**Your assignment:**
Output every line below without omitting or altering anything.

**Study material:**
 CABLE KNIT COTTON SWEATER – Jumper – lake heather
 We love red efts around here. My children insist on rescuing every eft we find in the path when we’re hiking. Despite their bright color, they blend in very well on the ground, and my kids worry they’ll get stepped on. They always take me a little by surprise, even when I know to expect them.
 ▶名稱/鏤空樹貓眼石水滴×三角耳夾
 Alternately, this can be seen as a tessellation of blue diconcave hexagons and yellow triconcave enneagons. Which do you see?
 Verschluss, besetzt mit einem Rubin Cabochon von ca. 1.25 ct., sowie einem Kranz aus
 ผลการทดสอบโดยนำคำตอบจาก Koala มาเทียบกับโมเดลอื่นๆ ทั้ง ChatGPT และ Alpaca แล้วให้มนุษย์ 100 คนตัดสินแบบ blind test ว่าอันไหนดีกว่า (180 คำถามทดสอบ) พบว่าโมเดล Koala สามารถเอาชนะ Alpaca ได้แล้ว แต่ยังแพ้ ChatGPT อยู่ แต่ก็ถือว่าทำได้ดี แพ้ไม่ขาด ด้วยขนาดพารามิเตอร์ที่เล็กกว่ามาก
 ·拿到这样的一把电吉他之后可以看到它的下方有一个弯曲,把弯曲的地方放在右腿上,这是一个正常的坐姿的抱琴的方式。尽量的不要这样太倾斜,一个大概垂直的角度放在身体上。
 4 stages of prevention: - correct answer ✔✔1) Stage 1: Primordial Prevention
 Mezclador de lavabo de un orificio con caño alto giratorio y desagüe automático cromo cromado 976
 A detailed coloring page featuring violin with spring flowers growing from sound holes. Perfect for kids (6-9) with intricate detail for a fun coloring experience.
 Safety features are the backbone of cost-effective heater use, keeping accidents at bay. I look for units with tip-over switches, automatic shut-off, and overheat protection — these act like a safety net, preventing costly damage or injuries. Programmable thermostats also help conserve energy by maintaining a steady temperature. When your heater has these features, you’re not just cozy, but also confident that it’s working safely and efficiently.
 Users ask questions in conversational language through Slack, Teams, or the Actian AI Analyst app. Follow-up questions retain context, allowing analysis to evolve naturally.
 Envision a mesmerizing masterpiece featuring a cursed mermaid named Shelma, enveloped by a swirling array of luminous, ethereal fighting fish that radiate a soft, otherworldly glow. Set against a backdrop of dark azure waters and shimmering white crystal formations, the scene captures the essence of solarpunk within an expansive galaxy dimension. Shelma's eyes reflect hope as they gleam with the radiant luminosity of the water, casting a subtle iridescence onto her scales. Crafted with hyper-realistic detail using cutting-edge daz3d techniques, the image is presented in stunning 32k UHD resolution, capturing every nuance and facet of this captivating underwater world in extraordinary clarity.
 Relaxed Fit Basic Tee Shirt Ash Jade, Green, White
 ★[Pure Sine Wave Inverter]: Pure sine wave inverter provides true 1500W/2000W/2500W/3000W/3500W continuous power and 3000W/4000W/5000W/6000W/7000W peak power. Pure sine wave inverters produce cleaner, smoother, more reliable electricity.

**Result of the task:**
 CABLE KNIT COTTON SWEATER – Jumper – lake heather
 We love red efts around here. My children insist on rescuing every eft we find in the path when we’re hiking. Despite their bright color, they blend in very well on the ground, and my kids worry they’ll get stepped on. They always take me a little by surprise, even when I know to expect them.
 ▶名稱/鏤空樹貓眼石水滴×三角耳夾
 Alternately, this can be seen as a tessellation of blue diconcave hexagons and yellow triconcave enneagons. Which do you see?
 Verschluss, besetzt mit einem Rubin Cabochon von ca. 1.25 ct., sowie einem Kranz aus
 ผลการทดสอบโดยนำคำตอบจาก Koala มาเทียบกับโมเดลอื่นๆ ทั้ง ChatGPT และ Alpaca แล้วให้มนุษย์ 100 คนตัดสินแบบ blind test ว่าอันไหนดีกว่า (180 คำถามทดสอบ) พบว่าโมเดล Koala สามารถเอาชนะ Alpaca ได้แล้ว แต่ยังแพ้ ChatGPT อยู่ แต่ก็ถือว่าทำได้ดี แพ้ไม่ขาด ด้วยขนาดพารามิเตอร์ที่เล็กกว่ามาก
 ·拿到这样的一把电吉他之后可以看到它的下方有一个弯曲,把弯曲的地方放在右腿上,这是一个正常的坐姿的抱琴的方式。尽量的不要这样太倾斜,一个大概垂直的角度放在身体上。
 4 stages of prevention: - correct answer ✔✔1) Stage 1: Primordial Prevention
 Mezclador de lavabo de un orificio con caño alto giratorio y desagüe automático cromo cromado 976
 A detailed coloring page featuring violin with spring flowers growing from sound holes. Perfect for kids (6-9) with intricate detail for a fun coloring experience.
 Safety features are the backbone of cost-effective heater use, keeping accidents at bay. I look for units with tip-over switches, automatic shut-off, and overheat protection — these act like a safety net, preventing costly damage or injuries. Programmable thermostats also help conserve energy by maintaining a steady temperature. When your heater has these features, you’re not just cozy, but also confident that it’s working safely and efficiently.
 Users ask questions in conversational language through Slack, Teams, or the Actian AI Analyst app. Follow-up questions retain context, allowing analysis to evolve naturally.
 Envision a mesmerizing masterpiece featuring a cursed mermaid named Shelma, enveloped by a swirling array of luminous, ethereal fighting fish that radiate a soft, otherworldly glow. Set against a backdrop of dark azure waters and shimmering white crystal formations, the scene captures the essence of solarpunk within an expansive galaxy dimension. Shelma's eyes reflect hope as they gleam with the radiant luminosity of the water, casting a subtle iridescence onto her scales. Crafted with hyper-realistic detail using cutting-edge daz3d techniques, the image is presented in stunning 32k UHD resolution, capturing every nuance and facet of this captivating underwater world in extraordinary clarity.
 Relaxed Fit Basic Tee Shirt Ash Jade, Green, White
 ★[Pure Sine Wave Inverter]: Pure sine wave inverter provides true 1500W/2000W/2500W/3000W/3500W continuous power and 3000W/4000W/5000W/6000W/7000W peak power. Pure sine wave inverters produce cleaner, smoother, more reliable electricity.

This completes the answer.